> _Task item_
Your output must be the lines below from the line containing "Рис. 3.8. Файлы, сжатые" to the line containing "保護パネル側面からテレビの背", both lines included, reproduced exactly and without pictures.

*** Opening of Provided material ***

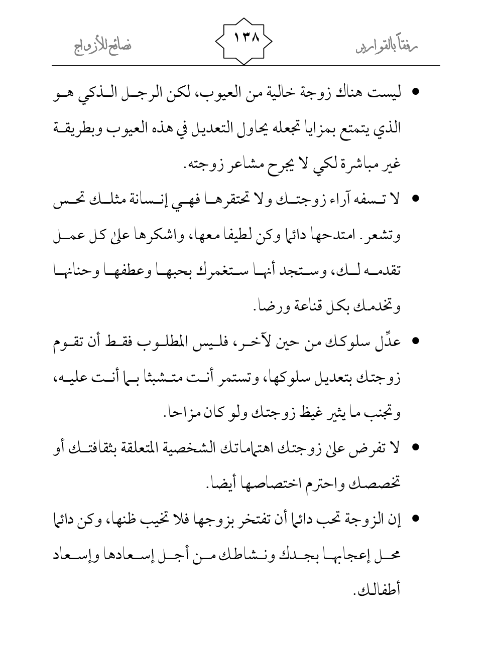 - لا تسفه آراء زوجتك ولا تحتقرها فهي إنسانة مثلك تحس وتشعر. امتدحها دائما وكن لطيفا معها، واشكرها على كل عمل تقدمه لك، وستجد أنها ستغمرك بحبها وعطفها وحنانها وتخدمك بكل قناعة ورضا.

*** Close of Provided material ***
*** Opening of Provided material ***

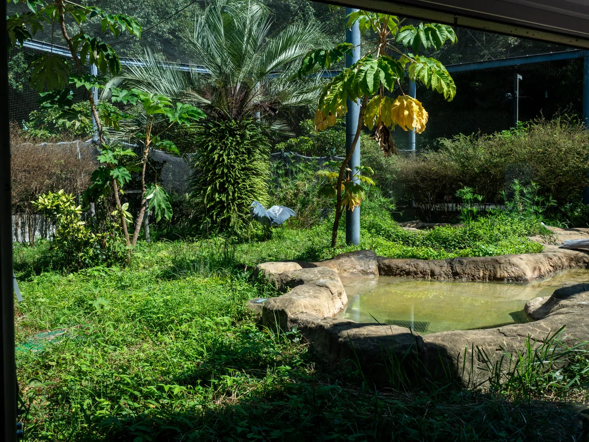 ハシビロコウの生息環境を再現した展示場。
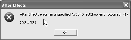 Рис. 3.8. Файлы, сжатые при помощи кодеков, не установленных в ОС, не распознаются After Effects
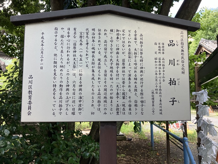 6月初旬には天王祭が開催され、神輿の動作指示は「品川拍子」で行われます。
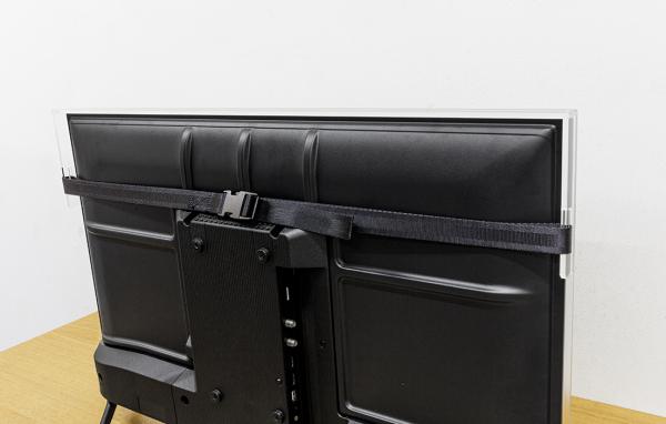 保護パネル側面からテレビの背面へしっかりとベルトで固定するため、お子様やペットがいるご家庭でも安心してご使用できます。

*** Close of Provided material ***
*** Opening of Provided material ***

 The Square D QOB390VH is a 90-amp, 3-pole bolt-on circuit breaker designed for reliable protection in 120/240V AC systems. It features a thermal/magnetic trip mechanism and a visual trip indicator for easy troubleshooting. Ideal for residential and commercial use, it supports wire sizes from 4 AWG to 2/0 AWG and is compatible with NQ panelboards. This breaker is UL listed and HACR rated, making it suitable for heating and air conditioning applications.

*** Close of Provided material ***

> _Output for this task_
 Рис. 3.8. Файлы, сжатые при помощи кодеков, не установленных в ОС, не распознаются After Effects
 6月初旬には天王祭が開催され、神輿の動作指示は「品川拍子」で行われます。
 保護パネル側面からテレビの背面へしっかりとベルトで固定するため、お子様やペットがいるご家庭でも安心してご使用できます。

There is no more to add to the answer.